Learning driven has extreme benefits for motivation. When a room full of children were told “figure this puzzle out and we’ll give you x dollars” they quit pretty quickly. However, when they are given the learning frame of mind and told “let’s try to figure this out. How can we get this to work?” their intrinsic motivation was much higher and they kept on the task twice as long.

In a learning-driven organization, failure is welcomed. You learned something and that’s more important. However, in an experiment-driven organization, unless you grow the metric by x percent, you feel like a failure. If you fail enough times, you become demotivated. Ideally, a learning-driven organization is much like a playground. You are free to experiment and learn and as a result, grow the company.

Lastly, there is the User Learning-Driven Organization at the top of the pyramid. Instead of thinking

“Hot Pink works”

You are thinking

“Our users like Hot Pink.”

Seems like a small difference? Think again. Before, while you’ve learned that Hot Pink works, you didn’t really connect it to the user. Your main question wasn’t “who is our user, what’s her needs and preferences” but you were learning on how to drive the metric up. And in doing so, you’ve most of the time, alienated the user all together as a bunch of metrics. But in a User Learning Driving Organization, it’s different. You are asking about the user. You are experimenting to discover the user. You are learning about the user.

This is an enormous leap. If the marketing team finds that your users love the outdoors, the product team can implement this learning to the product. Now, Learnings are stacked on top of different teams. As obvious as this sounds, usually, in a learning-driven organization marketing team will never say “our users love the outdoors.” They will say “hiking images lifted conversion by x percent.” The product team will most likely see no way to put in hiking images in the current product, and the learning becomes a dead end.

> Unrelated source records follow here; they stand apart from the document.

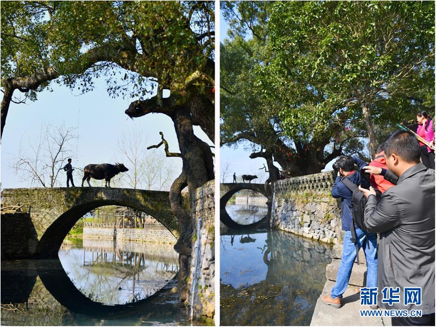 56岁的李明德在婺源严田景区表演“老翁牵牛”,平均每次表演一小时收益可达100元;右图:游客在给李明德拍照(拼版图片,3月9日摄)。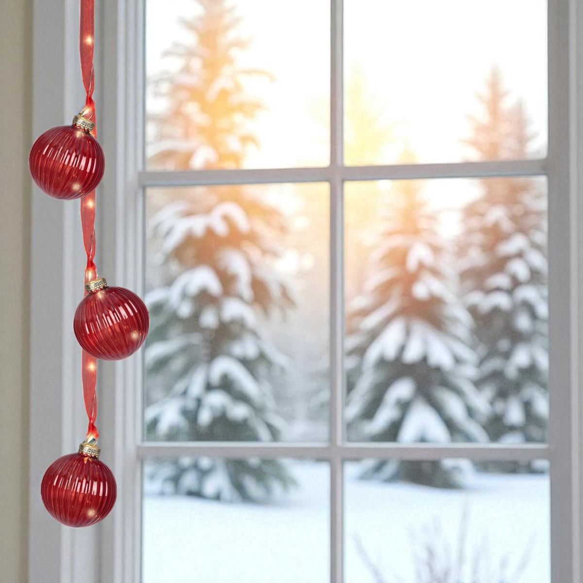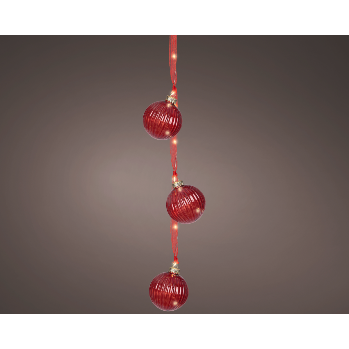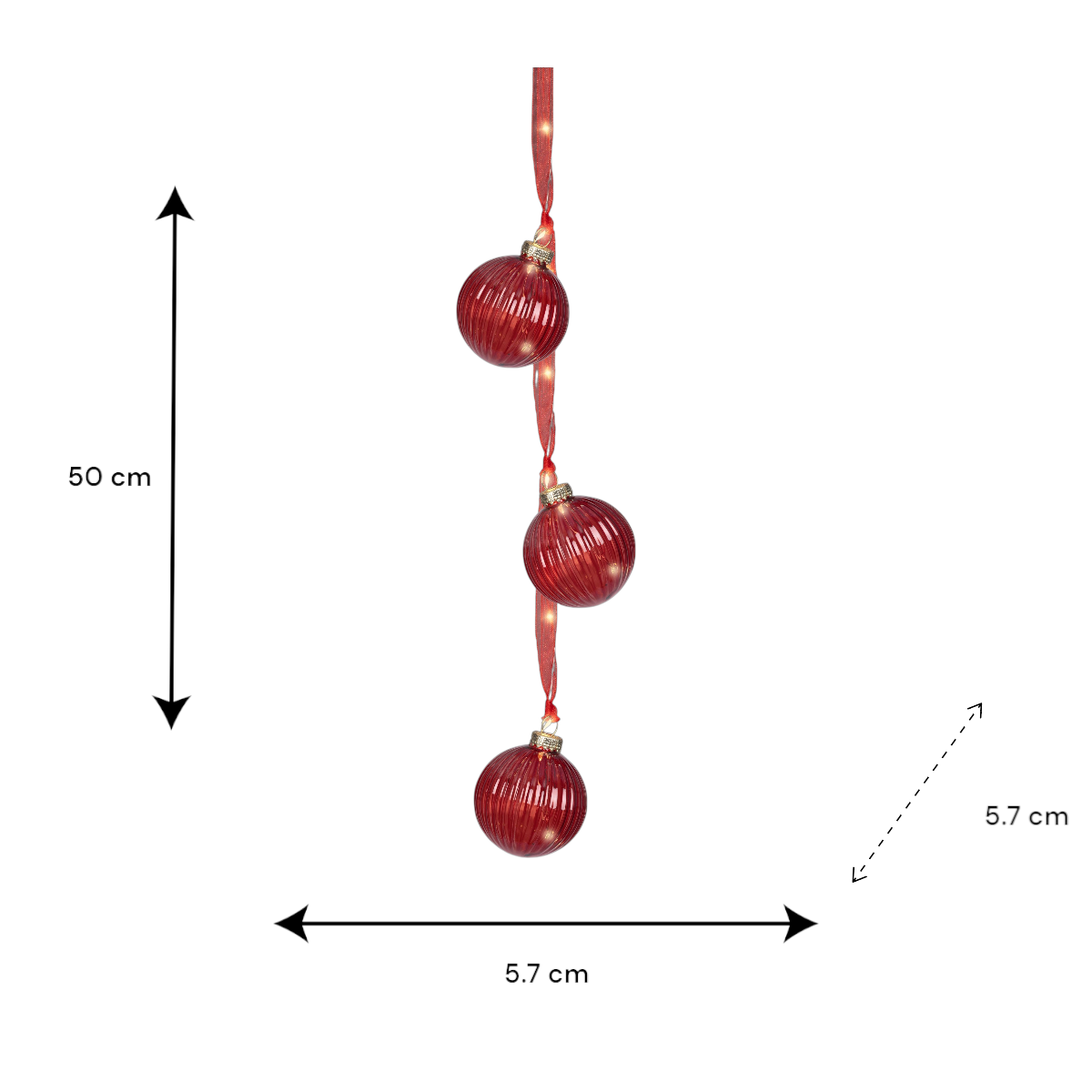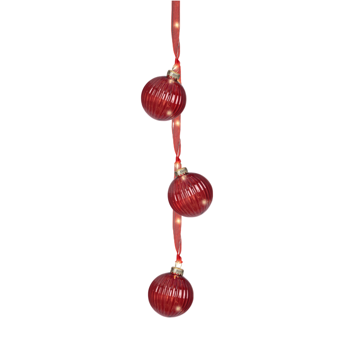 Ez a különleges LED-es gömbfüzér három piros bordázott díszgömbből és 15 darab melegfehér LED-ből áll, amelyek látványosan végigfutnak a dekoráció teljes hosszán. A 50 cm hosszú szalag IP20 védettségű, így kizárólag beltéri használatra alkalmas. Az elemes működésnek köszönhetően könnyedén elhelyezhető ajtóra, ablakba vagy karácsonyfára.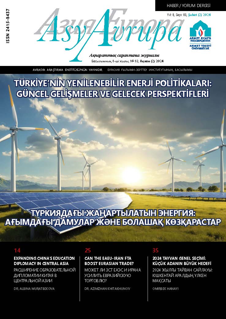 Değerli okurlarımız, Avrasya Asya Avrupa Dergisi’nin 83. Sayısı ile bölgesel gelişmelerin mercek altına alındığı analizlerle yeniden sizlerle birlikte olmanın mutluluğunu yaşıyoruz. Rusya-Ukrayna savaşının bölge ekonomisine olan olumsuz etkileri devam ederken ülkeler hem ikili hem de çok taraflı girişimlerle yaşanan darboğazdan çıkış yollarını çeşitlendirmeye çalışmaktalar. Bu kapsamda Avrasya Ekonomik Birliği (AEB), […]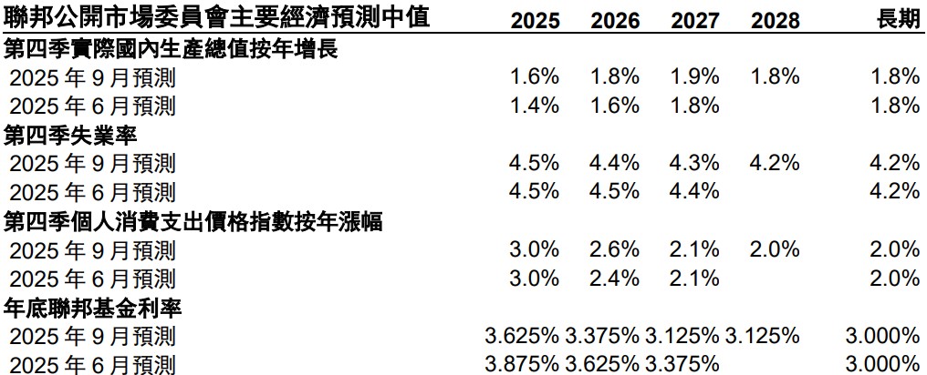 正如市場普遍預期,美國聯邦儲備局(簡稱「美聯準」或「聯儲局」)在9 月16 日至17 日會議上重啟減息週期,將聯邦基金利率目標區間下調25 個基點(即0.25%)至4.00%至4.25%,為今年首次減息。此次決定以11 票贊成、1 票反對獲得通過,唯一持反對意見的是聯儲局理事米拉(Stephen Mira),其支持減息50 個基點(即0.50%)。聯邦公開市場委員會(FOMC)的最新經濟預測調整幅度不大,但總體偏向鷹派,上調經濟增長和通脹預測,且下調失業率預測(詳見下表)。2025、2026 和2027 年的利率預測中位數(即「點陣圖」)比6 月點陣圖中的預測低了0.25%。最新點陣圖顯示,2025 年還有兩次減息,每次0.25%,2026 年則會再減息一次,這比市場預期的到2026 年底至少再減息四次,每次0.25%,更為鷹派(彭博資訊,2025 年9月18 日)。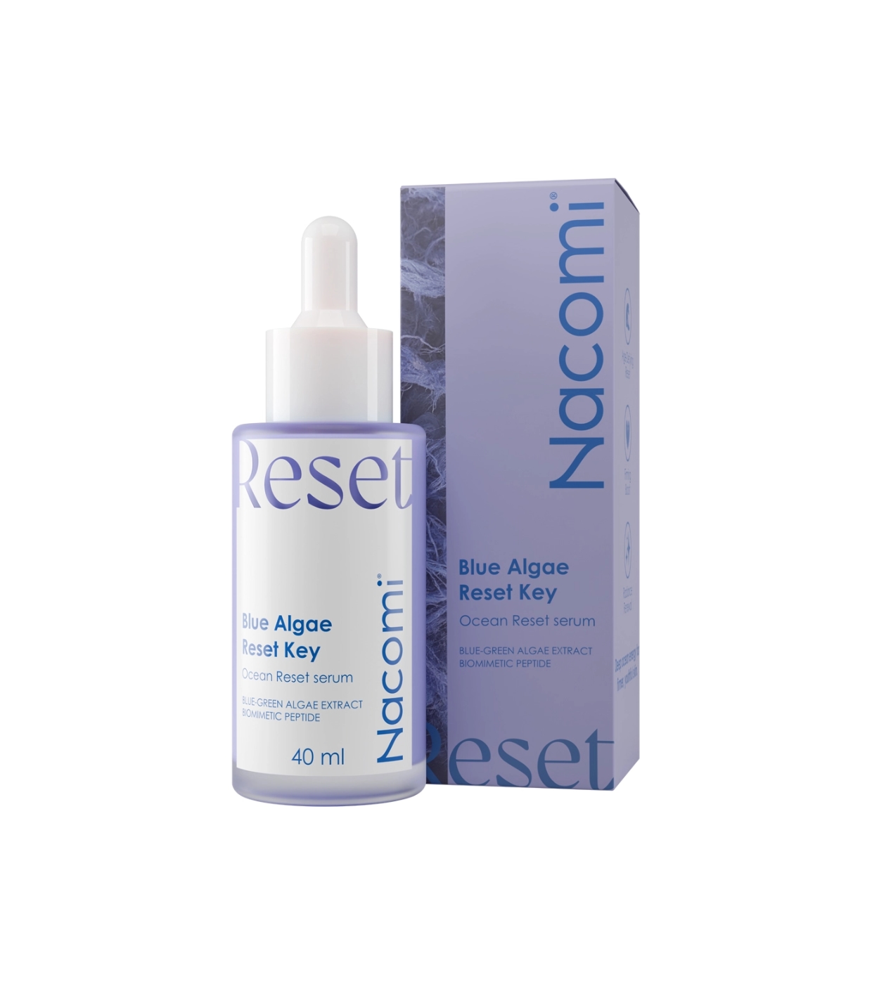 Il siero rinnovante Blue Algae Reset Key di Nacomi agisce sia in superficie che in profondità, supportando i processi naturali di rinnovamento per una pelle più soda, elastica e rivitalizzata.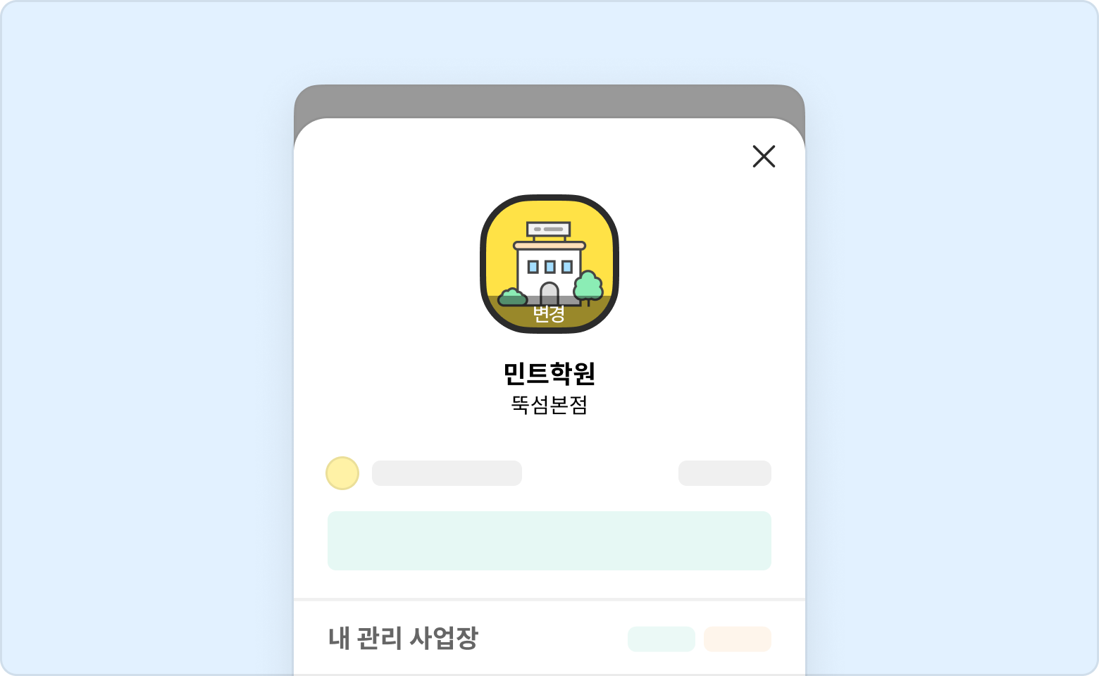 메뉴>사업장 정보또는 홈 상단사업장 정보선택 후 사업장 이미지'변경'버튼을 선택해 주세요.

But, if you connect to this user, it’s a drastically different story. The product team will be like “If our users like hiking, maybe they are active people with a lot of energy? Maybe we should have stronger and faster animations?” Do you see how far the product team went from just “hiking images.” Of course, they will test this out with a/b testing, but this hypothesis will have a higher likelihood of success than just throwing random experiment after experiment. The difference in anchoring an experiment on the user and solely on metrics is an enormous difference, to say the least.

When startup leaders like Paul Graham say “focus on your users” I used to think, duh? After 10 years in the startup industry, I think the advice is worth a million dollars. It’s like a restaurant owner who says “focus on cleanliness” or a teacher who says “love your students.” The insight is unfathomable until you actually get it.

You are building a product for users. Not metrics, not revenue, not experiments. These will all follow when you learn about your users. Learn who they are. Learn what they like. And then implement that learning to every department. Use the hustling mentality, data, experiments, and learnings for your users, not for revenue alone. This will give you at least a startup that is generating $10 million a year.